Williams struck gold at the Birmingham 2022 Commonwealth Games last summer with an emphatic unanimous points decision victory in the final and has good reason to have Paris in his sights.
Fishing, by contrast, is not part of the Olympic programme but Williams would be an advocate for any campaign to see the sport restored to the Games, having featured as a one-off in 1900.
Williams added: “It’s not as boring as you think, it’s not a case of sitting and waiting all day.
“You see activity here and there and you’re constantly chasing. There is a lot of thinking behind it and strategies, so it’s not just a waiting game.
“It’s needed for me to have that wind down time.
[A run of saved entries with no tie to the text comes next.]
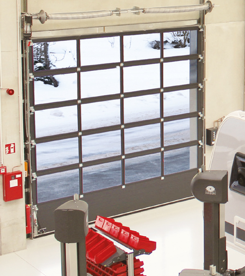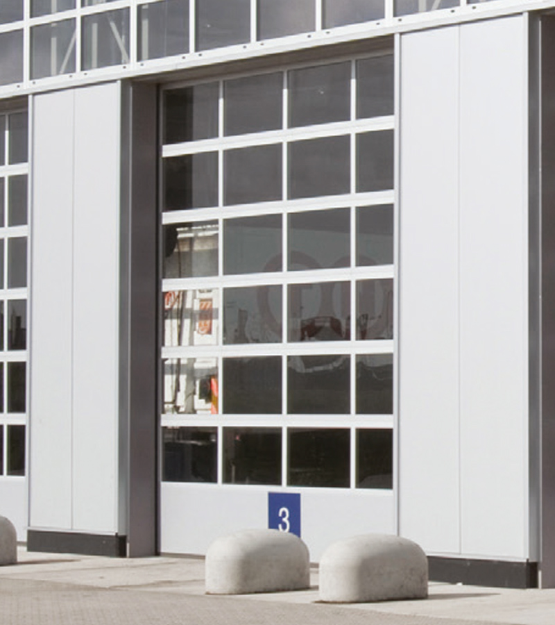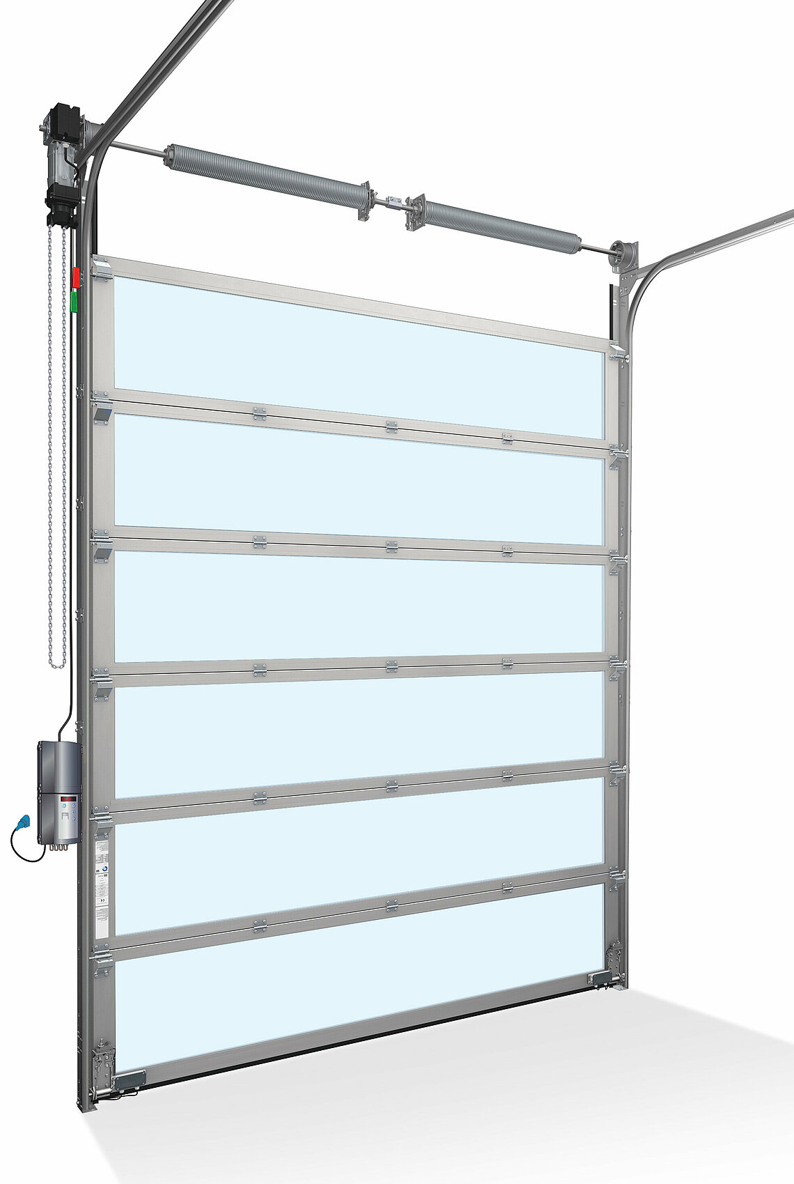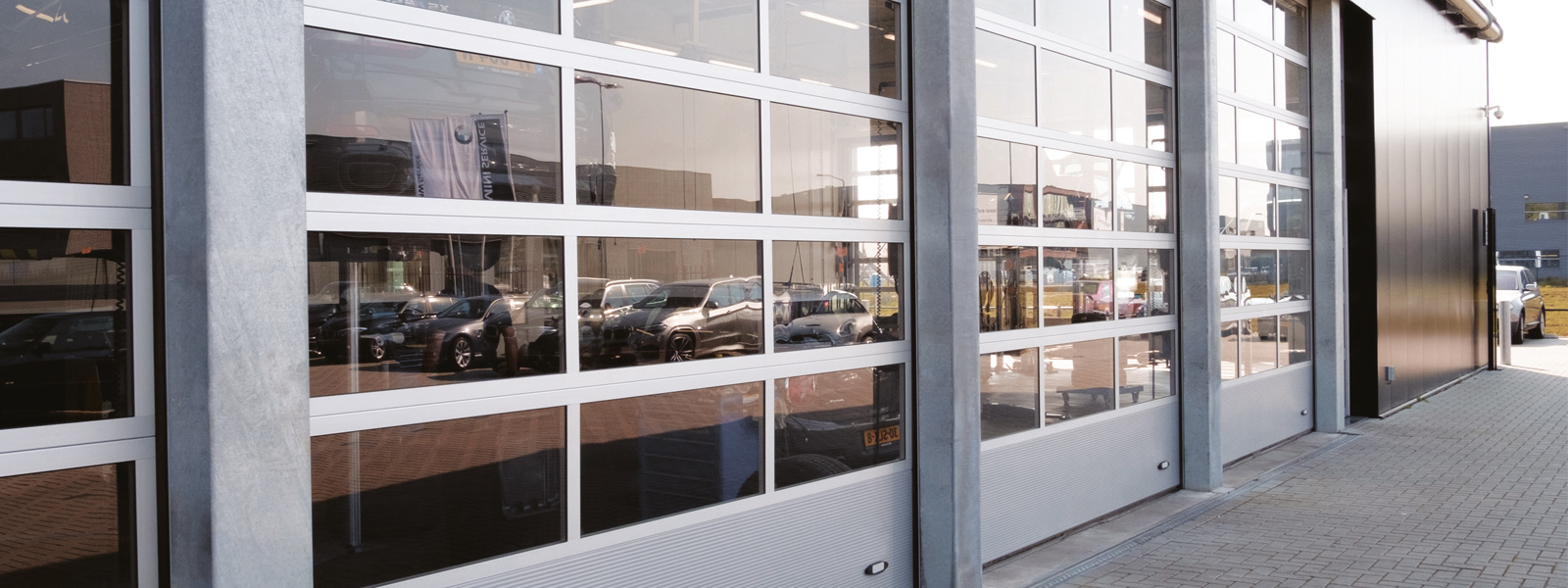 Les portes sectionnelles NOVOLUX 40 mm sont conçues pour les environnements commerciaux où la lumière et la visibilité sont cruciales. Le vantail de la porte est composé de plusieurs sections transparentes. Grâce à l'utilisation de profilés d'aluminium spécialement dimensionnés, les cadres peuvent être réalisés avec une large gamme de vitrages et de panneaux. Combinez les cadres avec des panneaux à cassettes en aluminium et choisissez entre des panneaux translucides, colorés, thermo-isolants ou perméables à l'air. Pratiquement tout est possible.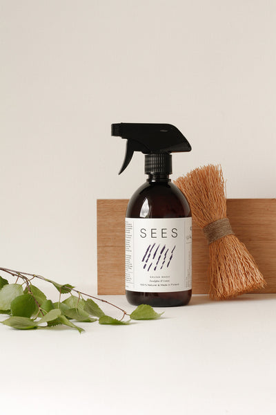 SEESin eukalyptuksen tuoksuinen pesuaine tekee saunan puhdistuksesta aromaterapeuttisen mieltä virkistävän hetken. Suihkutettava pesuaine helpottaa puhdistusta huomattavasti, kun vierelle ei tarvita erillistä pesuastiaa: suihkuta vain kosteille lauteille, harjaa ja huuhtele.
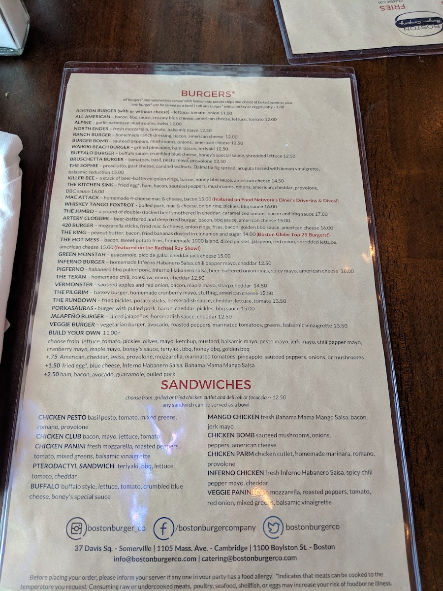 If you're in the mood for mouthwatering burgers and creative combinations, the Boston Burger Company - Davis Square Menu is your go-to spot. Situated in the heart of Somerville, MA, this burger haven is perfect for those craving a hearty, flavorful meal. The menu is packed with everything from classic options to unique, gourmet creations. Whether you're a fan of bold, spicy flavors or something a little more on the savory side, there's a burger for every taste. Along with the burgers, you'll find delicious sides, refreshing drinks, and an inviting atmosphere that makes it a great place for friends and family. Dive into a satisfying meal that will leave you coming back for more.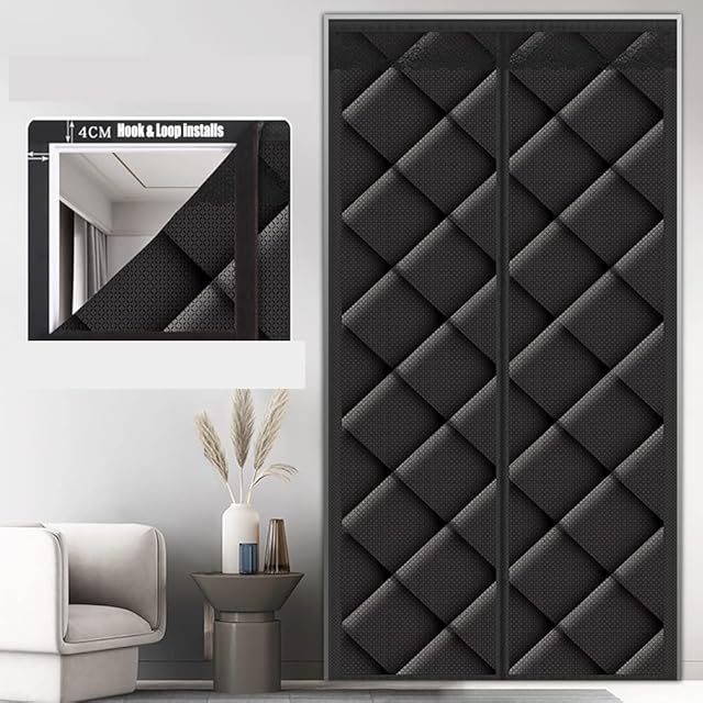 Liveinu コットンカーテン 玄関 ドア用 マグネット暖簾自動で閉まる 間仕切りカーテン 冬 厚い 冷暖房効率UP 省電対策 高断熱 遮光 ドア パネル 冬は暖かい 取り付け簡単 断熱 防音 保温 防寒 防水 遮光 防風のれん 90x200cm グレー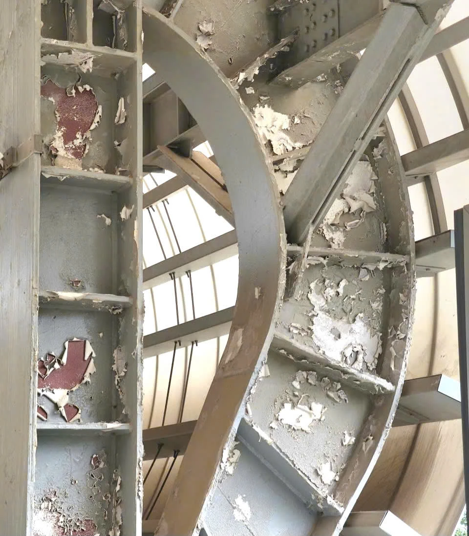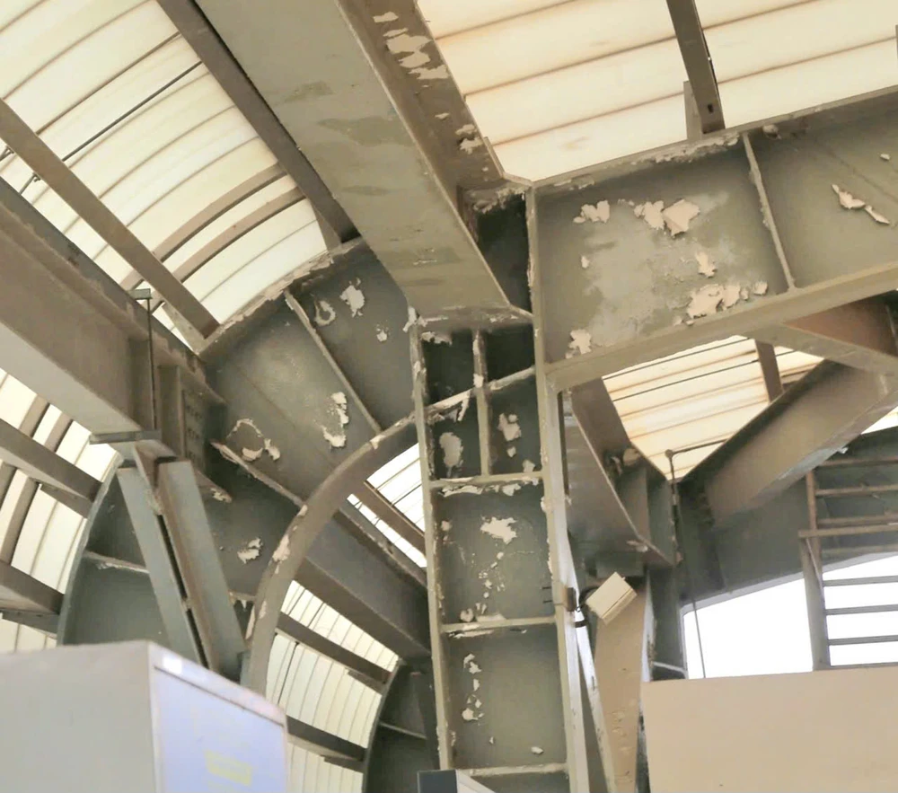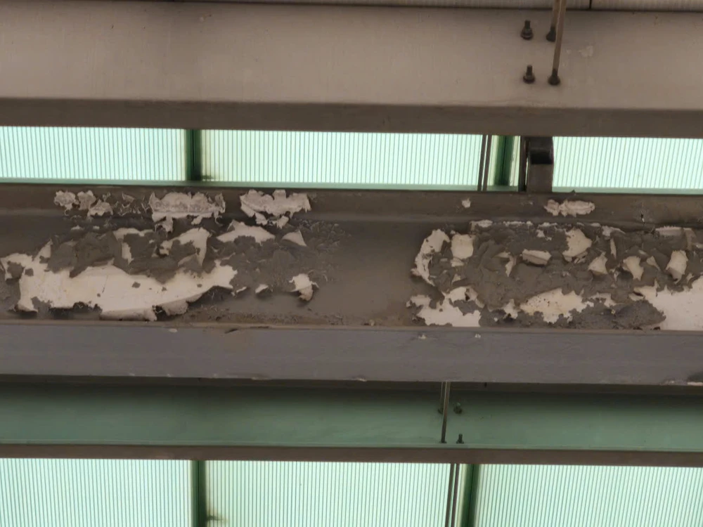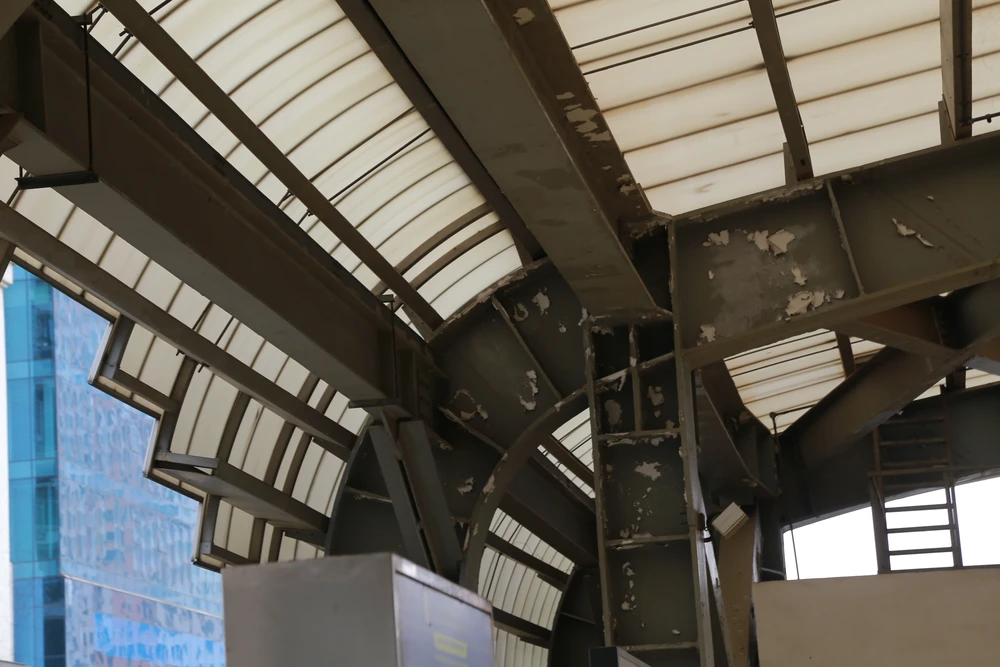 Hình ảnh lớp sơn mái che nhà ga Hà Đông bị bong tróc. Ảnh: V.LONG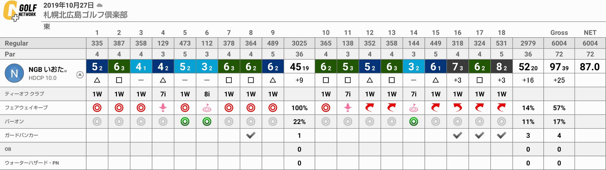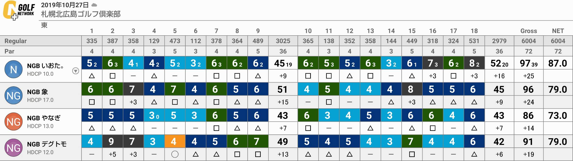 昨日(日)はホームコース札幌北広島で久々にお会いするNGBメンバーの方々と御一緒して来ました。象さんは今季二度目で8月末の西コース以来、やなぎさんとデグトモさんは昨年以来でしょうか。皆さん確か御近所にお住まいだと思いましたが普段は中々会う事は有りません。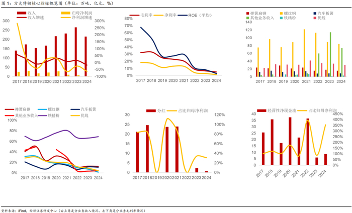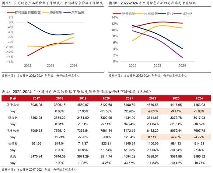 1)管理:与钢铁行业头部企业相比,公司作为民营企业,机制灵活,销售费用率低,核心管理层薪酬激励弹性大、员工薪酬和业绩直接挂钩;2)产品:从标准化走向定制化、从生产端走向客户端,差异化发展战略卓有成效,无论是价格还是盈利,弹簧扁钢和汽车板簧均显著高于行业平均水平;3)成本:公司通过从铁前工序到全流程的系统性降本和精细化的管理,使得2022-2024年原材料成本、人工成本、制造成本都出现了较为明显的下降;4)外延:集团内,达州钢铁和萍钢股份注入上市公司值得期待;集团外,通过收购兼并,整合钢铁行业资产,做强做大自身钢铁板块业务,亦值得期待。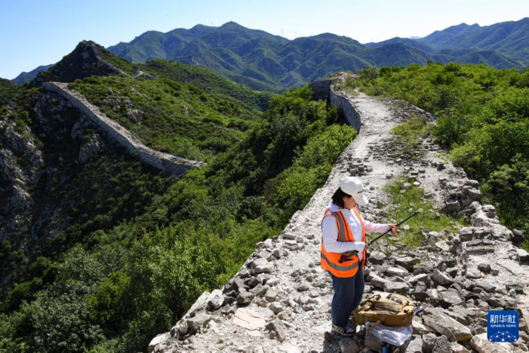 长城保护员刘红岩在石峡村的明长城上巡查(6月1日摄)。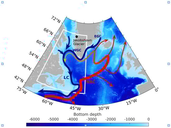 Map of the computational domain and circulation in the subpolar North Atlantic. The arrows show major currents in the subpolar gyre, including the North Atlantic Current (NAC), the Eastern Greenland Current (EGC), the Western Greenland Current (WGC), and the Labrador Current (LC).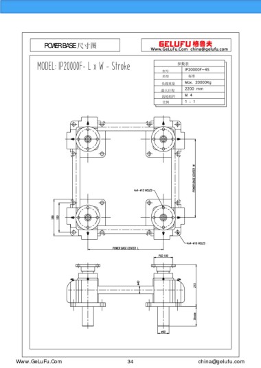 POWER BASE 尺寸圖 參數(shù)表 型號 類型 標(biāo)準(zhǔn) 負(fù)載重量 最大行程 齒輪組件 比例 eghtebas.com 34 china@gelufu.com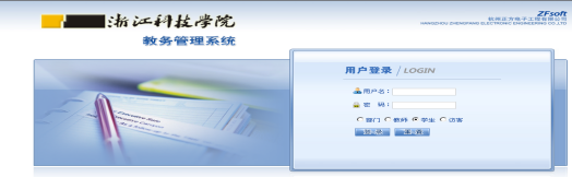 //jwxt.zasp1.org/,出现登陆界面(如下图)。选择学生(默认),用户名称为:学生学号,用户口令为自己设定的密码,(如有遗忘请到所在学院教务员处查询),登陆系统。校外访问须先认证。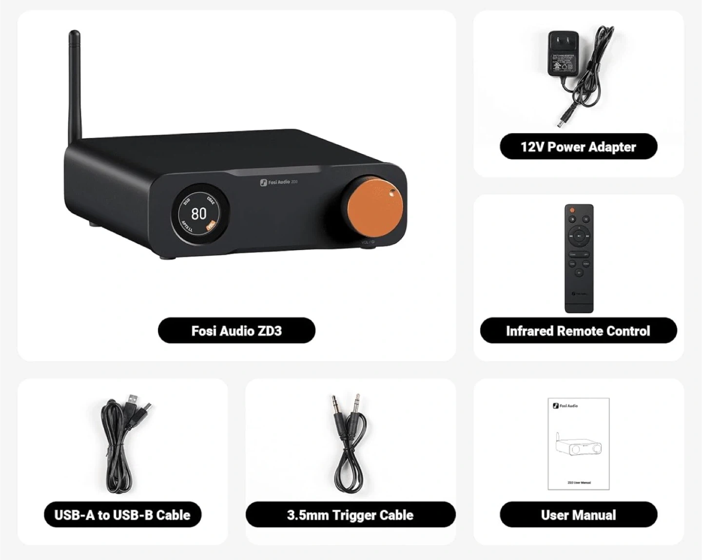 Selling a like-new Fosi Audio ZD3 DAC. It comes with the box and all included components like the 12V power adapter, infrared remote control, USB-A to USB-B cable, 3.5mm trigger cable, and user manual. More information on the product here - https://a.co/d/b0XjqGh
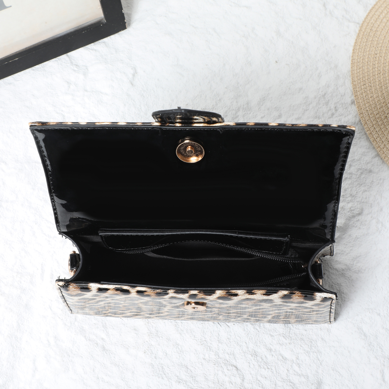 The exterior is crafted from a glossy material with a smooth patent finish, highlighting the vivid animal pattern. The interior is lined with a smooth, solid-toned fabric that protects your belongings.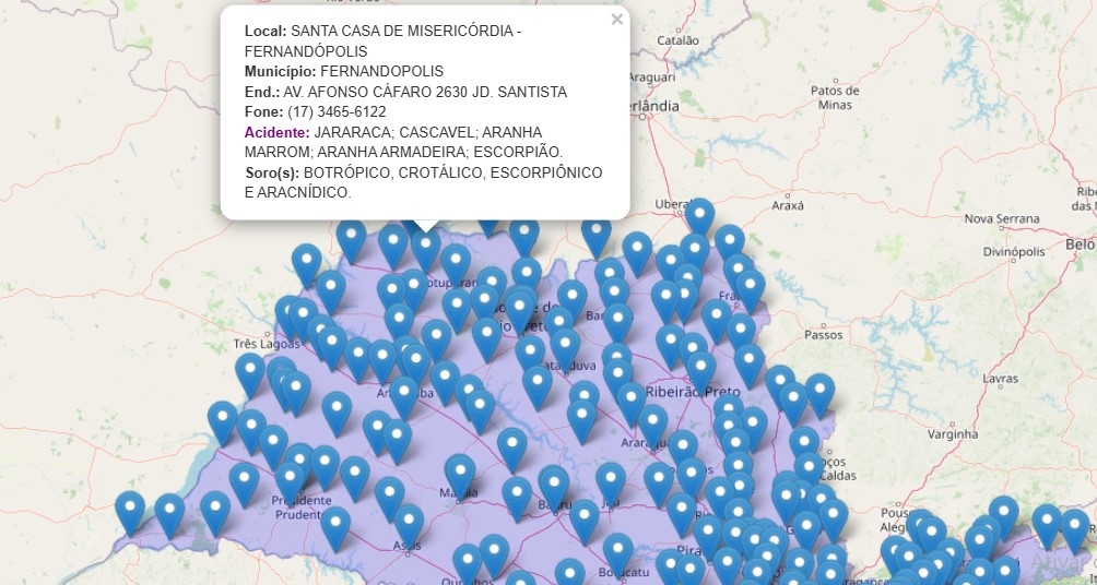 O estado conta atualmente com 232 Pontos Estratégicos de Soro Antiveneno (PESAs), estrategicamente distribuídos para reduzir o tempo entre a picada e o atendimento, especialmente em crianças. Em Fernandópolis, a Santa Casa funciona como o ponto de atendimento com soro antiescorpiônico.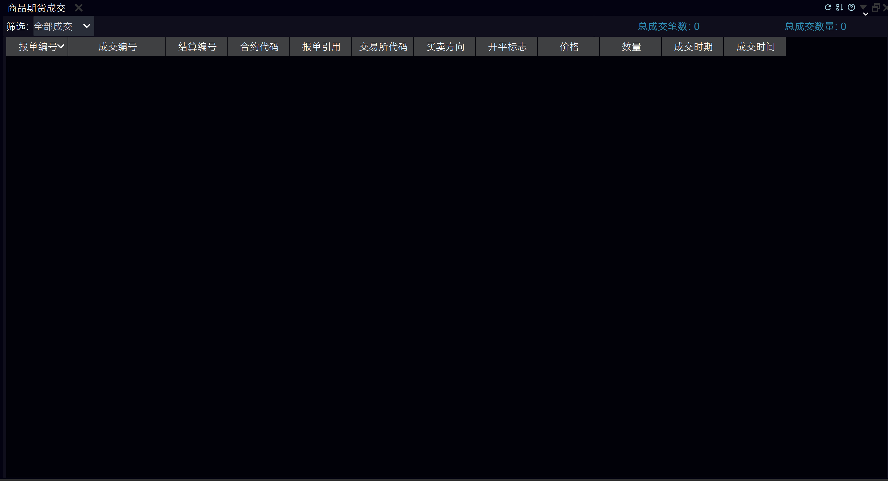 打开商品期货成交 - 点击菜单栏中的 "交易" -> "商品期货成交" - 或在工作区中选择 "商品期货成交" 标签页
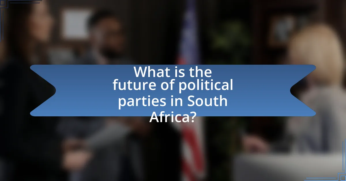 The future of political parties in South Africa is likely to involve increased fragmentation and the emergence of new political movements. This trend is evidenced by the rise of smaller parties in recent elections, such as the Economic Freedom Fighters and the Democratic Alliance, which have gained significant support by addressing specific voter concerns. Additionally, the ongoing challenges faced by the African National Congress, including internal divisions and declining popularity, suggest that traditional party dominance may diminish, leading to a more competitive political landscape. The 2024 elections are expected to further reflect these dynamics, as voter discontent with established parties continues to grow.

I like to get away and chill out and get away from people.
“I have a few friends I fish with, but you get a lot of time out there and there’s no hassle – and nobody punching you, so it’s good.”
Williams hopes that by sharing his story it will give others motivation to become involved in sport.
In the not-too-distant past there was talk of Williams moving up to the super-heavyweight division – the same category Anthony Joshua dominated on his path to a memorable gold at London 2012.
Williams will not be making that step up any time soon, but he is confident he can follow in the footsteps of one of Britain’s biggest sporting stars and establish himself as king of the ring.
He said: “I’ve won a load of medals, so why change it? I just stick to what I’m doing and keep sharpening up.
“I’ve got my place at 92kg and I’m making the weight quite comfortably even though I’m 6ft 6in, so I’m very big for the weight class.
“To me, it’s an experience thing.
“I like the idea that I’ve got about, and I’ve done my rounds for years here. Now it’s about getting the rewards from it and getting to the Olympics and taking my medals there.”